Sean Gabb on Telephone Video Nasties, Child Pornography, and Extraterritorial Jurisdiction
Free Life Commentary
Issue Number 140
Thursday, 29 September 2005
http://www.seangabb.co.uk/flcomm/flc140.htm
The Difference between Doing and Looking:
Reflections on the Case of Subhaan Younis
by Sean Gabb
While having coffee with Dr Tame yesterday [28th September 2005], I did
a brief telephone interview with BBC Radio Oxford. The issue I was
called on to discuss was whether it was right for a certain Subhaan
Younis to be sent to prison for 60 days for having shown someone a video
clip on his mobile telephone of a beheading in Iraq.
My answer to the question was no. I agreed that to seek out and take
pleasure in such images showed a singular depravity of mind. I also
agreed that to show such images to someone who had not agreed in advance
to look at them was at least in bad taste. But I disagreed with the
man's being sent to prison. By all means, I said, let him be named. Let
others know the depravity of his mind, and let him be shunned by the
respectable on account of that. But no one should be punished for merely
looking at or even publishing things that others might find offensive.

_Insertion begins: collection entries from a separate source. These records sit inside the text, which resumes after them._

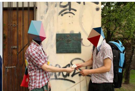
Projekt der Kunsttruppe „Wir waren's nicht“/ A „Nem mi voltunk“ projektje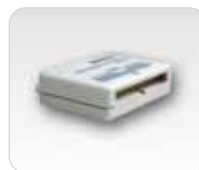
Module d'analyse logique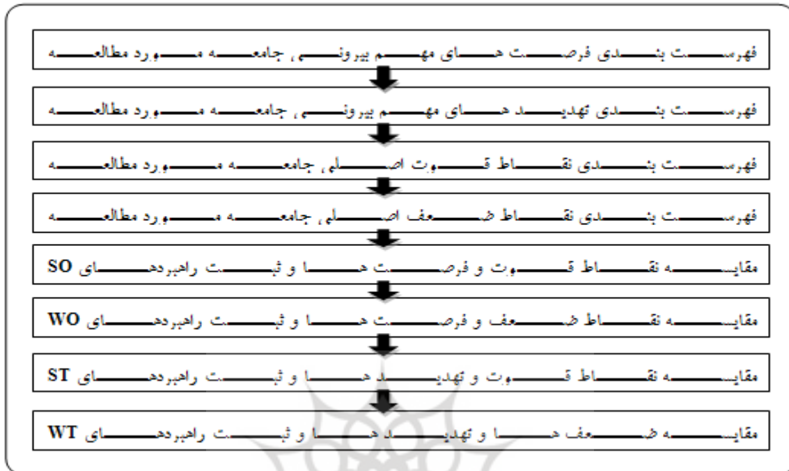
شکل شماره ۱- نمودار مراحل تهیه مدل سوات

۴۰). این تکنیک شامل یک فرآیند ۸ مرحله ای می باشد، که در نمودار ۱-۴ ارائه شده است.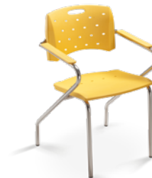
35007 Z Aproximação Estrutura Z / Braços Integrados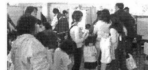
地域福祉計画「見たい・知りたい・イベントだいい」では、綿あめ作りを楽しんでもらいました。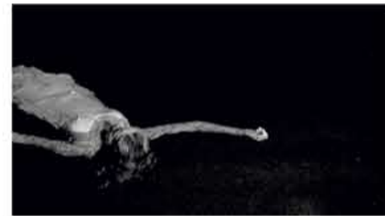
Zürich Dreikönigsbrücke, Unterführung Schanzengraben Vernissage 26. August 2006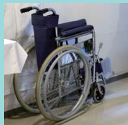
見学用の常設車いす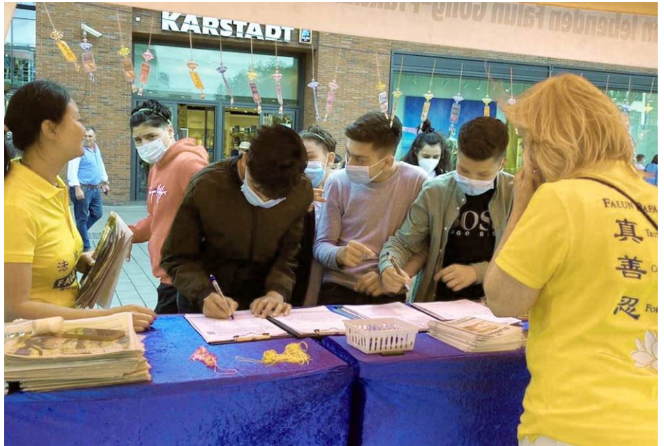
民众为反迫害签名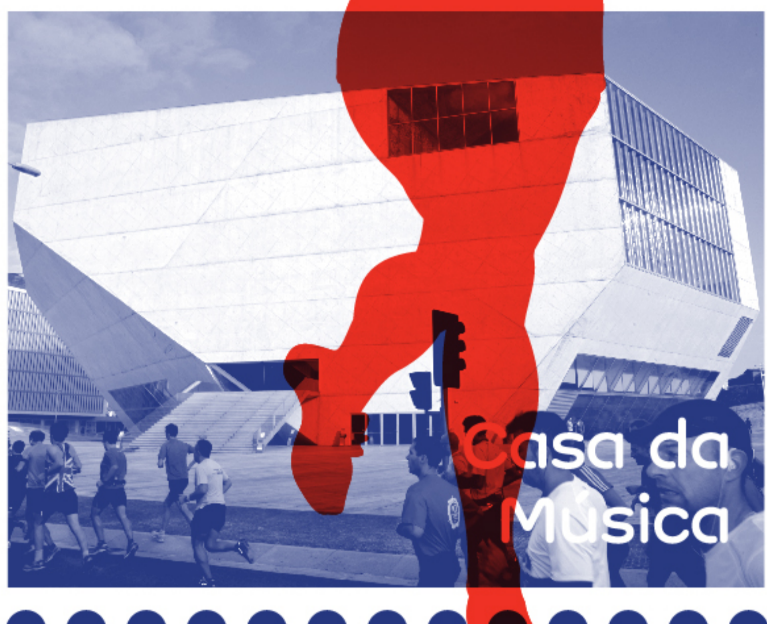
Casa da Música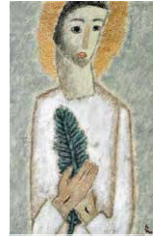
승리하신 그리스도 - 김옥순 수녀

돌아가셨던 주님이 주일 아침에 나타나셨습니다. 구원역사의 새 시간이 시작됐습니다. 성 금요일 예수님은 죽음의 세계인 저승으로 가시어 당신 죽음이 우리의 죽음을 이기셨습니다. 부활성야는 오늘 의 세계에서 참 교회의 모습입니다. 우리도 현 세상과 작별해야 하지만, 이미 영적으로 세례 때 죽었습니다. 하지만 하느님 아들로써 물에서 다시 일어났습니다. 육신이 죽는 순간이 올 때, 세례 때 이미 살았던 생명을 우리는 다시 취할 것입니다. 예수님의 부활을 가장 먼저 발견한 건 여인들이었습니다. 그들이 먼저 무덤에 갔기 때문입니다. 그러나 무덤에서 곧장 예수님의 부활을 본 건 아닙니다. 여인들이 부활보다 먼저 확인한 건 빈 무덤이었습니다. 예수님을 믿고 따랐던 이들에게 주님이 십자가에 못 박혀 죽은 사건은 너무나 믿어지지 않는 충격이었을 것이 분명합니다.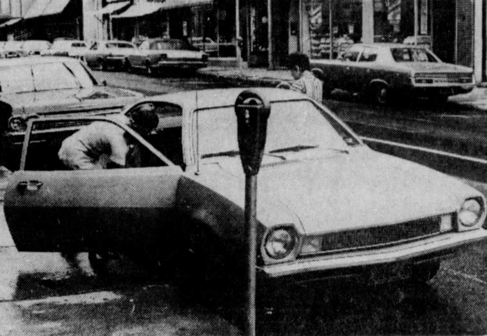
UN PETIT CADEAU — A cause de la fête d'hier, les automobilistes n'ont pas été obligés de déposer de la monnaie dans les parcomètres.

SHERBROOKE — C'est à compter d'hier que certains hôpitaux de la région et tous les hôpitaux de Sherbrooke ont appliqué les nouvelles heures de visite, uniformes pour toutes les institutions hospitalières concernées. Sur semaine, les visites aux patients sont autorisées de 7 heures à 9 heures, en soirée, pour deux visiteurs à la fois seulement pour chaque patient. Les visiteurs ne sont donc plus admis auprès des malades, au cours de l'après-midi. En fin de semaine, soit le samedi et le dimanche, de même que les jours fériés, soit le Nouvel An, la St-Jean-Baptiste, la Confédération, Noël, les visiteurs seront autorisés à visiter les malades durant l'après-midi, de 2 heures à 4 heures, et le soir, de 7 heures à 9 heures, pour deux visiteurs à la fois pour chaque patient. Ce règlement ne sera toutefois pas appliqué pour les pédiatres, où chaque hôpital émet sa propre directive. Des autorisations spéciales se-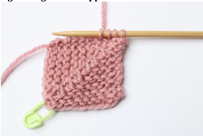
1. Stoppa in stickan genom arbetet mellan 2 maskor, hämta upp garnet tillbaka genom arbetet

Of course, there is the matter of procurement. If this man had
commissioned the beheading so that he might look at pictures of it, it
would be right to prosecute him as an accessory to murder. However, so
long as no such connection could be shown, he should not be sent to
prison.
Then there is the matter of showing the images to someone who had not
consented to look at them. According to the newspaper reports, the
person to whom they were shown was shocked and upset. Here, though,
while there might be some question of an action for the tort of nervous
shock, I fail to see anything that ought to be regarded as a criminal
matter. Mr Younis should not be in prison. He should be released now he
is there.
And that was the whole of my radio discussion. I spoke clearly and
firmly, and no one asked me any hard questions. In any event, the whole
item took up only about five minutes, and there was no room to develop a
full argument or to answer full objections. All I managed in the time
was to outline the distinction, on which libertarians mostly insist,
between doing and looking. But there is more to be said - as I realised
afterwards in a long dissection of the issues with Dr Tame. Indeed, the
Younis case is of little importance compared with the larger issues into
which its discussion leads.
What Criminal Act?
Let us begin with the question of whether Mr Younis had committed any
act that could be regarded as criminal. There is an exception as regards
acts against the whole community. But where common crimes are concerned,
it is fair to insist that when no individual victim can be identified,
there can be no crime. I have no idea what motivated Mr Younis to show
that image. He might have been trying to illustrate the horrors of
Moslem terrorism. Or he might have believed in the accurate presentation
of reality - as opposed to the sanitised, or censored, imagery provided
on British television. But his name is Asiatic, and he could be one of
those citizens of convenience - that is, someone who values his British
passport purely for the material comforts to which it entitles him, who
does not share our national ways, and who knows enough about us only to
hate us. If so - and I say at once I have no evidence to believe it
really is - he would fall into that large class of persons whose
presence among us is becoming a problem that needs at least to be
honestly discussed.
However, this being raised, let us put it aside and concentrate on
whether he can be regarded as a common criminal. Here, we need to
identify a victim. It was not Mr Younis himself. His possible moral
corruption is not so much effect of the video clip as cause of the
faults that led him to seek it out in the first place. So how about the
woman to whom he showed the image? Can she be called the victim of an
assault?
I do not think so. Mr Younis showed her something that she found
upsetting. But let us be reasonable. What he showed her was most likely
a jerky, pixellated video clip, and it must have been displayed on a
screen of no more than one inch by one and a half. Any person of
reasonably firm mind should have been more upset by a good newspaper
report. Even applying the civil burden of proof, in making out the tort
of nervous shock, I do not think it reasonable for him to have
anticipated so extreme a reaction. Unless the accounts I have read of
the incident have left out something important, I fail to see how
showing that video clip could have been taken as an assault - or even
the breach of the peace for which he was punished.
Procurement and Agency
The publisher and viewer of the clip being excluded as victims, let us
turn instead to the unfortunate subject of the clip. Can we say that Mr
Younis had in any sense procured his beheading? As said, there is no
doubt that the direct procurement of images that show illegal acts
should in itself be a crime. If I have a man killed for the sake of
having his death filmed, I ought rightly to be charged as an accessory
to murder. But how about what may be called indirect procurement - that
is to say, how about acts that fall short of commissioning a criminal
act, but which still contribute by a possible chain of inference to the
committing of similar acts in the future?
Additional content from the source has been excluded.